Thank you for everything





Dear jj,

Lots of fun loving stuff happened btw us and this makes it hard for me to give you up.

Today marks the end of our 1 more day to 2months relationship. Although it is short I didn't want to drag it on anymore because men develop feelings very fast. Thank you for making these 2 months the best 2 months in any relationship i've ever had.

Thank you for being acceptance that you were the rebound. Thank you for trying to help me move on. Although it's not that I can't move on, it's I don't wanna move on. And lastly, thank you for not crying. Eventhough I could feel you're very sad, you're still the one comforting me when this is what I wanted. Wiping off my tears. Giving me secure hugs and kisses of assurance.

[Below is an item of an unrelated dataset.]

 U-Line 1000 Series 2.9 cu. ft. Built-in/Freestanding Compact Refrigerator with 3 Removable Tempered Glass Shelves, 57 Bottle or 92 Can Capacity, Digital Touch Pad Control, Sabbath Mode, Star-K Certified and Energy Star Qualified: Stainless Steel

As I type this post, tears dripping down my cheeks. This time, it wasn't tears for him but tears for you. You're really nice to me. You ain't like any guy I know. Though you knew you're gonna be the rebound, you accepted it and even continued on with me. I'm sorry but I just don't have the heart to make you another rebound like the rest. I don't wanna hurt you any further.

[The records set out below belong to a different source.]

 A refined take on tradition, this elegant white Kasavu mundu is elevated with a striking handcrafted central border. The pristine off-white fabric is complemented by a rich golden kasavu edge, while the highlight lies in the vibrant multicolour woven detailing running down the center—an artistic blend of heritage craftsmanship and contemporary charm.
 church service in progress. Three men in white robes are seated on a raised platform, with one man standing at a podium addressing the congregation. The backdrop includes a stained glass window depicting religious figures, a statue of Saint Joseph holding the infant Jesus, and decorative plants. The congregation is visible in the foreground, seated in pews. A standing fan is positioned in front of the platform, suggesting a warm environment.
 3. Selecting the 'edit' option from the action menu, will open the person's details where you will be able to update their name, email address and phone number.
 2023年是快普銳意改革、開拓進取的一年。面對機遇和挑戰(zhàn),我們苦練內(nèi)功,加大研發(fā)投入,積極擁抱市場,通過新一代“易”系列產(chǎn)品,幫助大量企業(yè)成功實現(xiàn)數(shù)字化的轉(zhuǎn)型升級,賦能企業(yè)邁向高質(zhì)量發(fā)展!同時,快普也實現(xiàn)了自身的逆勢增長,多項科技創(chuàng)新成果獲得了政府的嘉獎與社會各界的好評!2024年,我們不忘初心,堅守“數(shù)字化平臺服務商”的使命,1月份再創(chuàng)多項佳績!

You're nice guy, the ideal, no, the perfect boyfriend. You're the best i ever had. Even better den my 1st. Though now I'm leaving you because I've not gotten over him. You want me to move on, and not be silly as to chase him back again. Because you know I was his 2nd choice. Eventhough being the 2nd choice to you is very degrading, my heart belongs to him. But you're the only one who let me feel, how it's like to be loved so deeply.

Thank you for making the 1st step by being selfish so I can learn to move on. It was hard for me when you threw away the drawings, the old love letters, the necklace and the rings from him. Memories that mean so damn much to me.

We spent the last night together with loads of fun. watching ghosts of gfs past, ate bk, smoked, played l4d!, came over and left. You're the only one who cared so much about me that you're willing to apply the anti-fungal cream for my white spots on my back. I'm so sorry things had to end up this way but I can see that we'll be best of friends.

Don't wait for me anymore. If you meet someone special go for her! Don't let the chance slip by because you'll regret it. And I'm making an effort to chase him back eventhough it's silly. Because I know I'll regret it. So don't follow my footsteps and regret it.

I'm sorry that I keep breaking down but Idk why either, because you mean something to me. Eventhough I can't call you Bee or Babi or Babu or Botak or boyfriend anymore. It doesn't really affect me because you promised me that you'd still be there for me, you'd still take care of me and wipe off my tears no matter how sad I was. And I trust your words because I know you mean it unlike the rest who just said it to comfort me.
I will try my best not to cry whenever we go out and put on a strong front like how I always do.

I don't think this is the end of us so I shan't say goodbye because....

WE'LL BE CATCHING TRANSFORMERS TOGETHER & MEETING UP ON YOUR NEXT OFF! DUN SMOKE TO MUCH K!